• **Work item**
Every record below should be repeated word for word, with the pictures left out.

• **Input records**
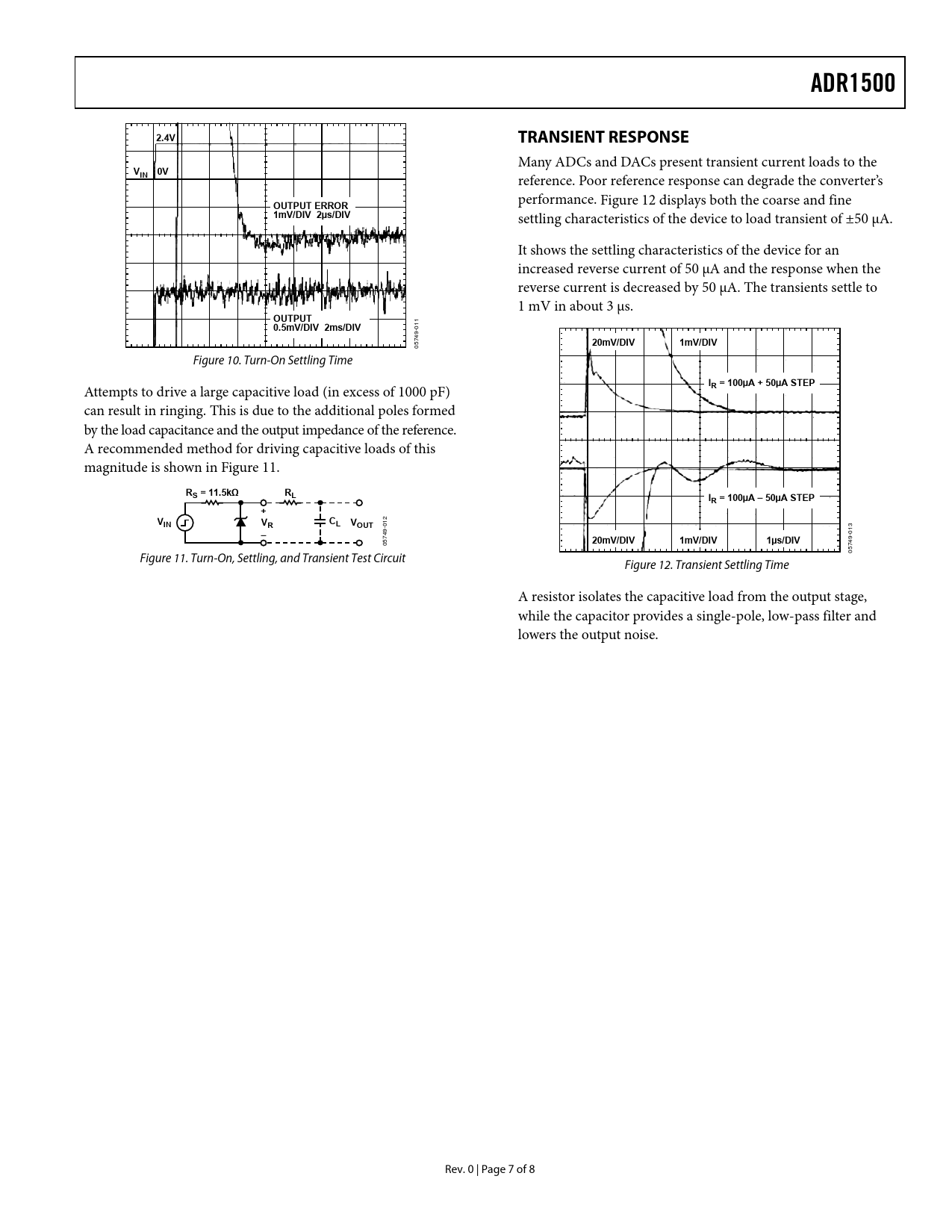 link to page 7 link to page 7 ADR15002.4VTRANSIENT RESPONSE Many ADCs and DACs present transient current loads to the V0VIN reference. Poor reference response can degrade the converter’s OUTPUT ERROR performance. Figure 12 displays both the coarse and fine 1mV/DIV 2µs/DIV settling characteristics of the device to load transient of ±50 μA. It shows the settling characteristics of the device for an increased reverse current of 50 μA and the response when the reverse current is decreased by 50 μA. The transients settle to 1 mV in about 3 μs. OUTPUT 11 0 0.5mV/DIV 2ms/DIV 9- 574 20mV/DIV1mV/DIV 0 Figure 10. Turn-On Settling Time IR = 100µA + 50µA STEP Attempts to drive a large capacitive load (in excess of 1000 pF) can result in ringing. This is due to the additional poles formed by the load capacitance and the output impedance of the reference. A recommended method for driving capacitive loads of this magnitude is shown in Figure 11. RS = 11.5kΩRLIR = 100µA – 50µA STEP+VINVRCL VOUT -012 13 49 – 0 9- 20mV/DIV1mV/DIV1µs/DIV 057 574 0 Figure 11. Turn-On, Settling, and Transient Test Circuit Figure 12. Transient Settling Time A resistor isolates the capacitive load from the output stage, while the capacitor provides a single-pole, low-pass filter and lowers the output noise. Rev. 0 | Page 7 of 8 Document Outline FEATURES APPLICATIONS GENERAL DESCRIPTION PIN CONFIGURATION TABLE OF CONTENTS REVISION HISTORY SPECIFICATIONS ELECTRICAL CHARACTERISTICS ABSOLUTE MAXIMUM RATINGS ESD CAUTION TYPICAL PERFORMANCE CHARACTERISTICS THEORY OF OPERATION APPLYING THE ADR1500 TURN-ON TIME TRANSIENT RESPONSE OUTLINE DIMENSIONS ORDERING GUIDE
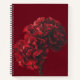 Bloc de notas con un fondo rojo oscuro, burdeos y bonitas flores de clavel rojas.
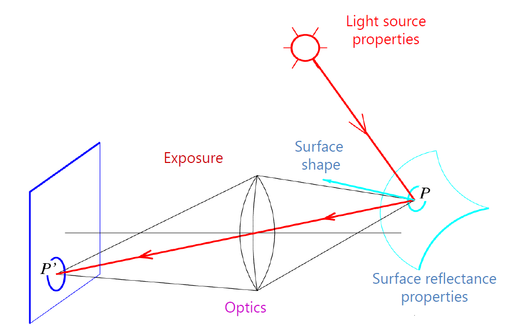 - brightness constancy: 다양한 조명 조건 아래에서 동일하게 보이는 표면의 성질을 말합니다.
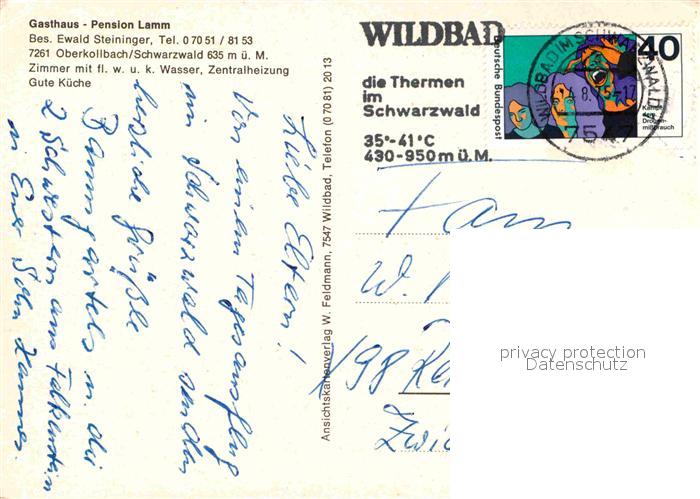 72863519 alte Postkarte Oberkollbach Gasthaus Lamm postalisch gelaufen Erhaltung siehe scans [NatalD47] KatCode: 11110008235055
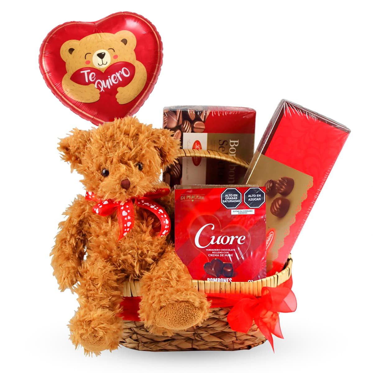 ¡Puro chocolate y pasión! Esta cesta es el regalo perfecto para los amantes del cacao. ¡Un detalle dulce e irresistible!
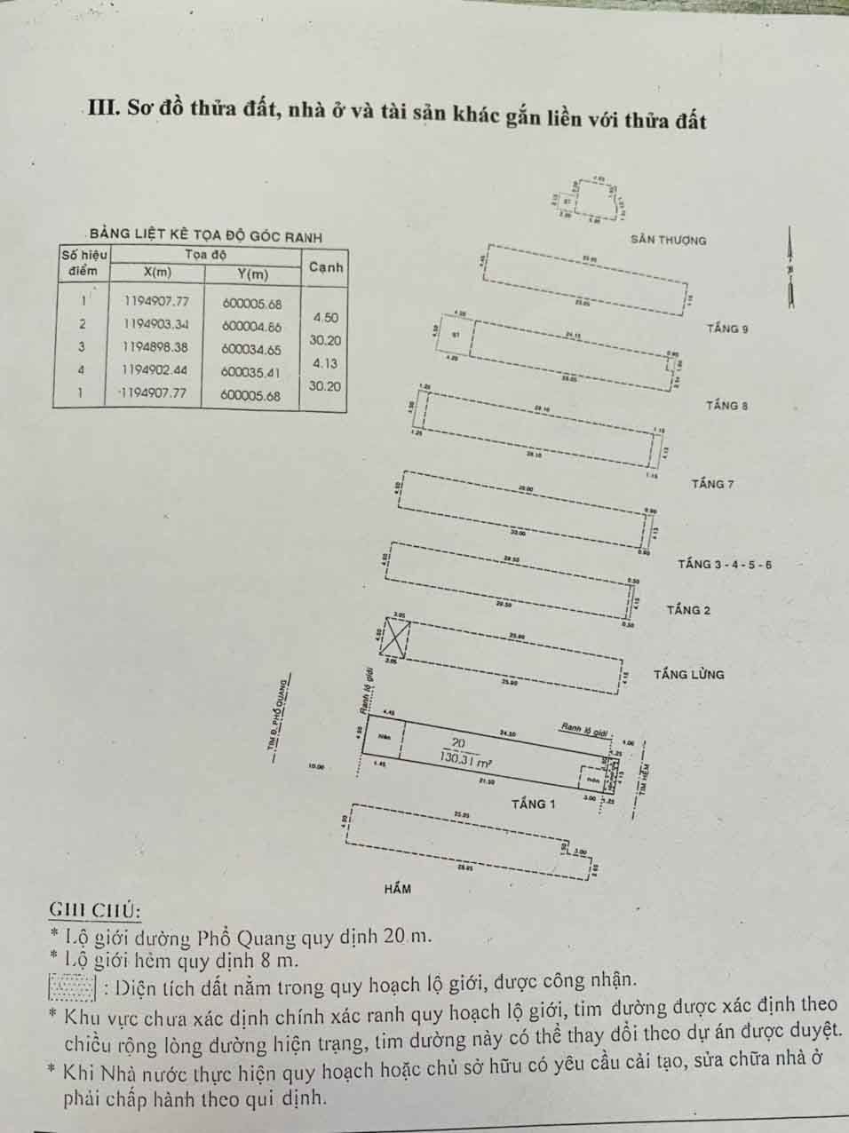 - Diện tích đất Công nhận: 130,3m² ( 4,5m x 30m) “Tốp Hậu 4,13m”

• **Solution for this exercise**
 link to page 7 link to page 7 ADR15002.4VTRANSIENT RESPONSE Many ADCs and DACs present transient current loads to the V0VIN reference. Poor reference response can degrade the converter’s OUTPUT ERROR performance. Figure 12 displays both the coarse and fine 1mV/DIV 2µs/DIV settling characteristics of the device to load transient of ±50 μA. It shows the settling characteristics of the device for an increased reverse current of 50 μA and the response when the reverse current is decreased by 50 μA. The transients settle to 1 mV in about 3 μs. OUTPUT 11 0 0.5mV/DIV 2ms/DIV 9- 574 20mV/DIV1mV/DIV 0 Figure 10. Turn-On Settling Time IR = 100µA + 50µA STEP Attempts to drive a large capacitive load (in excess of 1000 pF) can result in ringing. This is due to the additional poles formed by the load capacitance and the output impedance of the reference. A recommended method for driving capacitive loads of this magnitude is shown in Figure 11. RS = 11.5kΩRLIR = 100µA – 50µA STEP+VINVRCL VOUT -012 13 49 – 0 9- 20mV/DIV1mV/DIV1µs/DIV 057 574 0 Figure 11. Turn-On, Settling, and Transient Test Circuit Figure 12. Transient Settling Time A resistor isolates the capacitive load from the output stage, while the capacitor provides a single-pole, low-pass filter and lowers the output noise. Rev. 0 | Page 7 of 8 Document Outline FEATURES APPLICATIONS GENERAL DESCRIPTION PIN CONFIGURATION TABLE OF CONTENTS REVISION HISTORY SPECIFICATIONS ELECTRICAL CHARACTERISTICS ABSOLUTE MAXIMUM RATINGS ESD CAUTION TYPICAL PERFORMANCE CHARACTERISTICS THEORY OF OPERATION APPLYING THE ADR1500 TURN-ON TIME TRANSIENT RESPONSE OUTLINE DIMENSIONS ORDERING GUIDE
 Bloc de notas con un fondo rojo oscuro, burdeos y bonitas flores de clavel rojas.
 - brightness constancy: 다양한 조명 조건 아래에서 동일하게 보이는 표면의 성질을 말합니다.
 72863519 alte Postkarte Oberkollbach Gasthaus Lamm postalisch gelaufen Erhaltung siehe scans [NatalD47] KatCode: 11110008235055
 ¡Puro chocolate y pasión! Esta cesta es el regalo perfecto para los amantes del cacao. ¡Un detalle dulce e irresistible!
 - Diện tích đất Công nhận: 130,3m² ( 4,5m x 30m) “Tốp Hậu 4,13m”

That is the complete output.